The Pride of the Green

Ivy fell and screamed when she left the office.

A railing hit her stomach and knocked the air out of her, putting an end to the noise. The ship was completely tilted. She couldn't imagine the chaos near the landing craft.

She couldn't save everyone. She didn't even know if she could save herself.

So far, all she'd done is get No killed.

Ivy braced her knees against the wall that had saved her, and turned it into a floor. She proceeded with a grim face as she tried to pretend she could face her fears.

The thing had tried to eat her. Then, it had tried to punish her for having the gall to both escape and be upset that it had treated a servant as nothing more than food.

If they weren't in the middle of a disaster, the world would have come crashing down on the bastard. Talia wasn't a nobody, like Ivy. She was a minor celebrity, and the captain knew her name.

Except the captain knew they were all screwed, and was busy trying to run away.

Ivy hoped the man could. If anyone could release a dropship, it would probably be him. No one deserved any of this.

She jumped from her wall and caught a balustrade. Climbing hand-over-hand downwards. She needed to get to the lower areas. She needed to go back into the dark.

Talia's smiling face kept her moving.

The woman who gave a new friend a chance at what she wanted. Happily giving Desdemona a chance at the love she wanted for herself.

The woman who laughed as she cleaned up vomit and other bodily fluids. Seeing herself not as a celebrity over everybody - but seeing everybody as deserving of a piece of happiness.

Down, down, down, she went.

Ivy's vines started to respond instinctively. Tightening her grip on things. Reaching out because she really wasn't sure if her jump could make it. This ship was going down, and it was going to start burning soon.

She knew she'd managed to fall through the atmosphere on her own. She didn't know if that had been because of Mr. No. He might have had a personal shield or some nonsense that made sense for a guard and not a freaking maid.

If the cruiseliner really went down, there was every chance she could survive it. That didn't mean that everyone else would. It also really didn't mean that Sudais would go offline. She might feel the need to slaughter everyone somehow else.

Like pumping the air out before the crash.

Or detonating the engines.

Rejecting AI really did seem to be how her planet had avoided some truly catastrophic consequences. This was just a cruise ship. Nothing huge or important. The darned thing was still a tool from some really corrupt assholes, and had every power to outsmart and outperform every single person on board.

If Sudais hadn't fallen for Ivy, she hadn't a doubt that she'd be dead. Or still in the freak's torture box below deck. How any planet still allowed AI to exist and touch on the economy or any kind of decision making was absolutely beyond her comprehension.

Ivy knew her planet was unusual for banning AI. They were weird, but they also grew things, rather than constructing them artificially. Finding out how ridiculously easy it was for the AI to act out... She was left wondering how her people were the weird ones.

Her ability to distract herself ended, as she found herself at the doors into the oxygen factory.

"`There are no lions, no tigers, and no bears, located within the space ahead.`"

Ivy gave a terrified and tiny laugh, whispering under her breath, "Please tell me that you're not developing a sense of humour."

The doors in front of her slid open.

"`The crate containing Miss Talia Bovina-grego is located two decks down. The most efficient path lies through the forest, to an access panel. I will guide you, Mistress Green.`"

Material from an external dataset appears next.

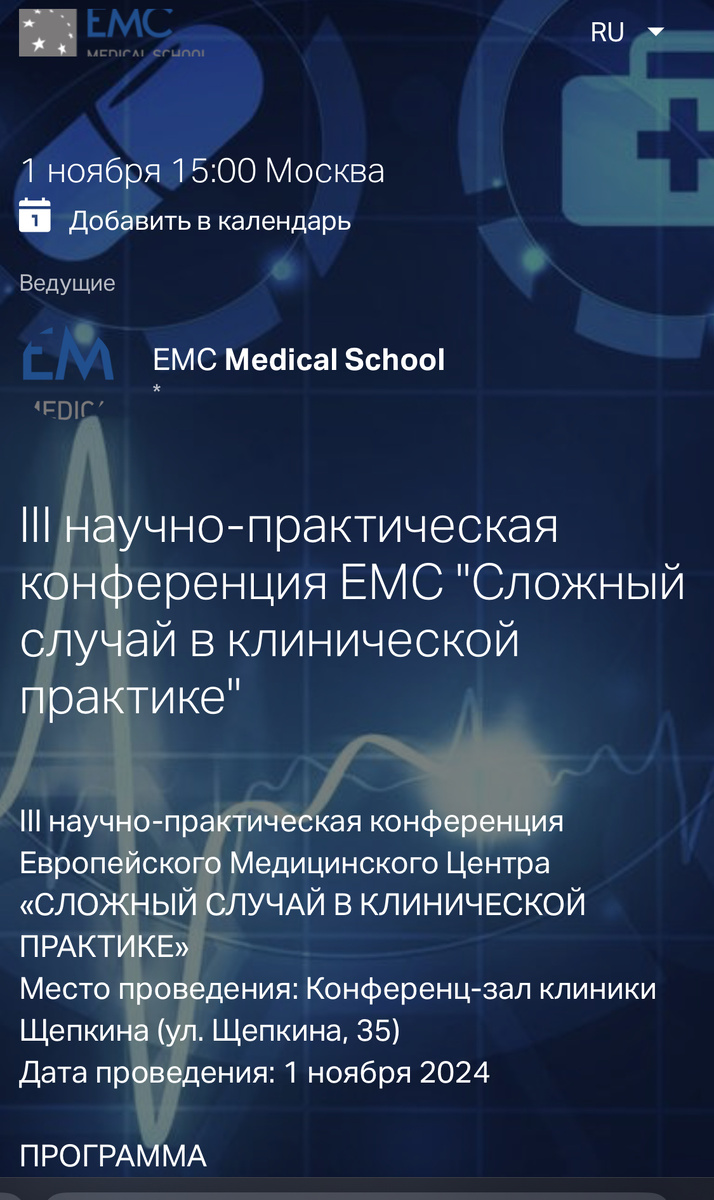 Но зато - у нас есть Медицинская Школа ЕМС. Это образовательная организация повышения квалификации, которая, в том числе, организует конференции для сотрудников ЕМС.

"He was in here, last time." Her face tightened.

"`The individual in question is currently located within the ducts above the factory. I will alert you, if he is to make his physical presence known.`"

She shivered. She did not find that remotely reassuring. Damn thing always keeping secrets... And not actually having a real way to save her if the bastard tried to eat Ivy.

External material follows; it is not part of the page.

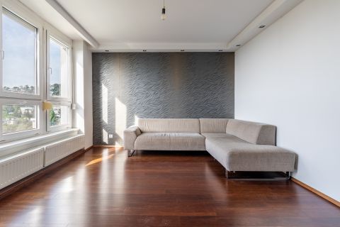 A lakást prémium minőségű anyagokkal újították fel a tulajdonosok saját részre: gránit konyhapult, sucupira fa parketta, magasfényű fehér Sykora konyhabútor és Siemens konyhagépek, illetve a Mitsubishi klíma mind az esztétikus, modern, és funkcionálisan is átgondolt megoldásokat tükrözik.

She took another deep breath and stepped into the location of her first date with Mr. No.

The sound of the place got to her. It wasn't beautiful to hear the twittering of insects, and the buzzing of bee clouds and the like. Not this time. There was a silence behind it all. A waiting anger.

Ivy couldn't smell him, she couldn't hear him. There was every chance that Sudais was wrong. AI were always so very confident that they knew how things were, and got things wrong, so very often. All the same... He might be watching her.

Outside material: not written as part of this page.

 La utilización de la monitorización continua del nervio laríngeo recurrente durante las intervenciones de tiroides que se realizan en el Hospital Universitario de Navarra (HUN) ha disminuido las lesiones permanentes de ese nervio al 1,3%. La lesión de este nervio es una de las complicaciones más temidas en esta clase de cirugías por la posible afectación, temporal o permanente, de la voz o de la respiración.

With the ship just about sideways, why hadn't he just run away?

Ivy was using her roots, digging down into the dirt and grass instinctively. She was fine to walk here, but she expected someone like Talia would be on their face and pawing at the ground.

"`Take the next left.`"

She was trusting her life to an AI that had already told her that it wanted to kill her, and was under orders to kill her. There was no part of this that Ivy would be able to explain to Desdemona.

They'd stare at her, cock their head, and then burst out laughing.

Kidnapping at least meant that someone wasn't looking to kill Desdemona. At least not right away.

Ivy blinked back tears. She had no idea why they were finally coming, but she was right on the edge of her breakdown. Ship crashing. Mr. No dead. Both the friends she'd made kidnapped, and the almost stranger was probably bleeding out on a spaceship whilst an AI watched to make sure he didn't run.

She sniffled as she dug down into the dirt, using it to move her along, step by step. Touching the other roots, feeling the fears of the rest of the forest. The living, breathing, mess of them all. Small and large, trees and flowers and buzzing little insects.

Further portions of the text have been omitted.